Company courses on offer

Start2Hack
- Hack along in this starter course designed to help your employees develop a security mindset. In this course we start with some theory and talk about
  - What goes into ethical hacking
  - CSRF: Hack along with this issue type to get a feel for what it is
  - XSS: Find out why it's more than what most people think
  - API hacking with postman: APIs are rising fast so let's hack some and see what all the fuss is about.
- Requirements
  - A laptop with postman installed (only needed for last part so can be left out, we will be adding more issue types in that case - XXE and LFI)
- Duration: 4h

Vulnerability type reminder
- In this brown bag session, we will bring up a quick refresher on several issue types for experienced developers/testers who might know defensive coding but could use a refresher on the attacking side of things.
  - CSRF
  - BAC
  - IDORs
  - Business Logic flaws
  - LFI/RFI
  - Captcha bypass
  - XXE
  - XSS
  - =========
  - Might add if time allows it: CSP bypassess, SSRF and OS command injection
- Requirements:
  - None
- Duration:
  - 1 hour with the option of going to 1 hour and 30 minutes with the addition of the OWASP api top 10

Vulnerabilities for developers, architects and analysts
- In this session we will be demonstrating why it is so hard to filter effectively in a life-like scenario.

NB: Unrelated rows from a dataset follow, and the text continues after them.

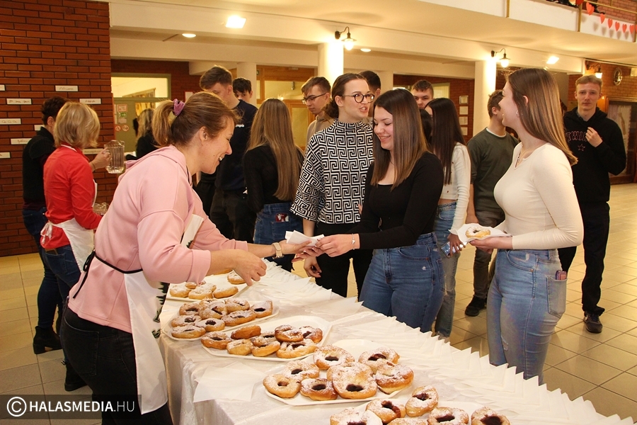 Több, mint 650 fánk készült egyetlen délelőtt alatt. Ma délelőtt rendezték meg a Bibó István Gimnáziumban a hagyományosnak számító Valentin-napi programsorozatot. A diákok szívhez szóló üzeneteket küldhettek egymásnak, az egyik szünetben pedig megválasztották a 2023-as Szívkirályt és Szívkirálynőt is.
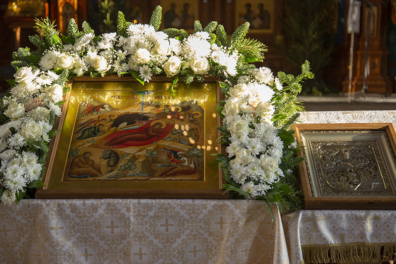 После входа с Евангелием и великого прокимна митрополит Сергий в Царских вратах прочитал евангельское зачало, повествующее о рождении в мир Господа нашего Иисуса Христа.
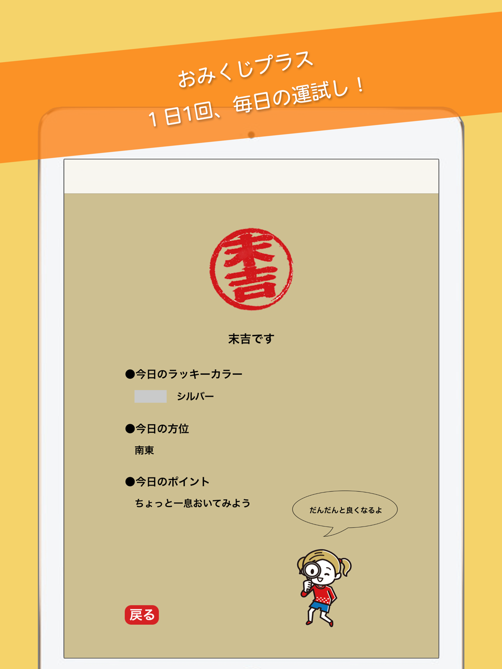 ラッキーカラーや方位もわかるので、1日のはじめにおみくじをひいてみましょう!
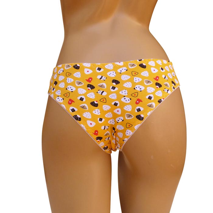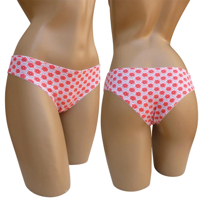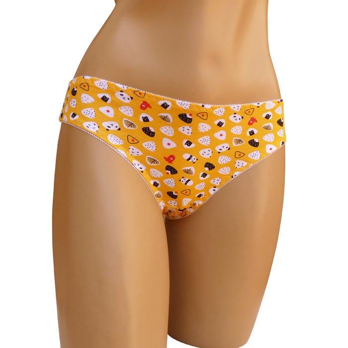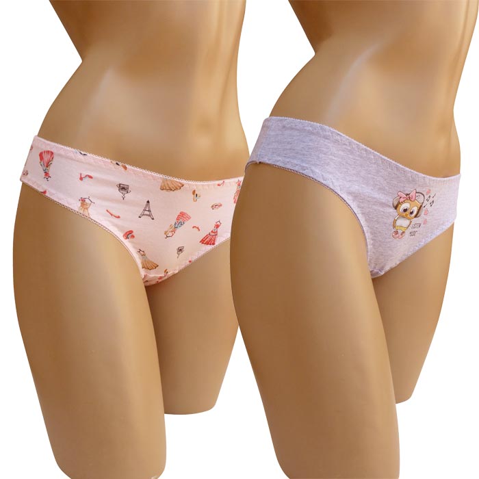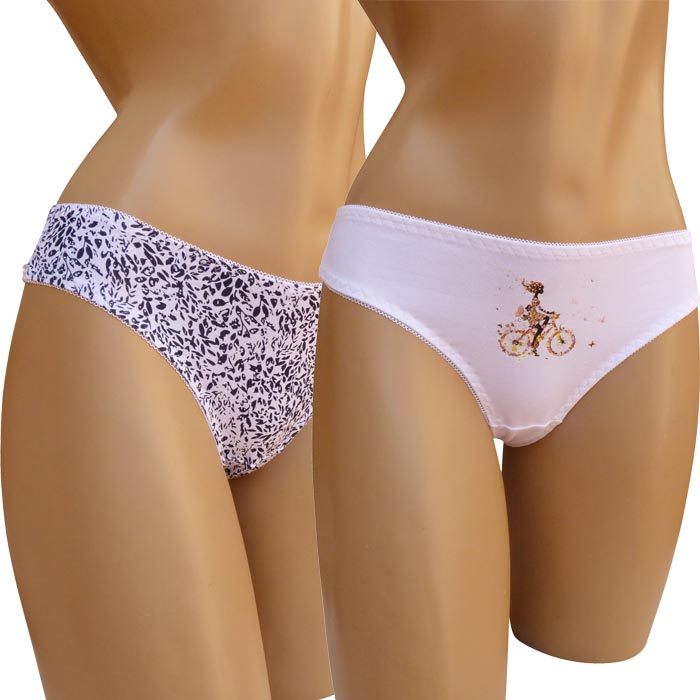 Slip femme, coton majoritaire. Différents Imprimés, 6 coloris différents dans le paquet. Taille élastiquée. Fond doublé. 2 Tailles.

We will build, hack and try to secure our own code on the following issue types:
  - Open redirects
  - Reflected XSS
  - Captcha bypasses
  - LFI
- Requirements
  - A laptop with an IDE (BBEdit,notepad++,intelliJ,...) that supports PHP
- Duration:
  - 4 Hours

Simulated pentest
- The candidates will go through the process of an actual pentest with the instructor, including the signing of all documentation, hacking and debriefing. We want to give the students an application that they can not get tested fully within the timeframe to teach them they should expect to prioritise and sometimes work within very tight timeframes.
- Duration:
  - 4 hours

A full introduction to ethical hacking
- In this 2-day boot camp, we will be creating full on pentesters from your technical testers. We will teach them everything they need to know:
  - Being ethical
  - Creating test plans
  - Network hacking
  - Web application hacking
    - Main application and broad scope
  - API hacking
  - Mobile hacking
  - Different tools
  - Reporting
  - Debriefing
- Additionally we can cut this into a one-day bootcamp while leaving out API hacking and mobile hacking and different tools.
- Duration:
  - 8 or 16 hours

We can adept any training to the needs of your company and are happy to offer fully custom workshops or trainings as well. All trainings can be given in English or dutch. All trainings and workshops can be given on-site or via zoom call/google hangouts.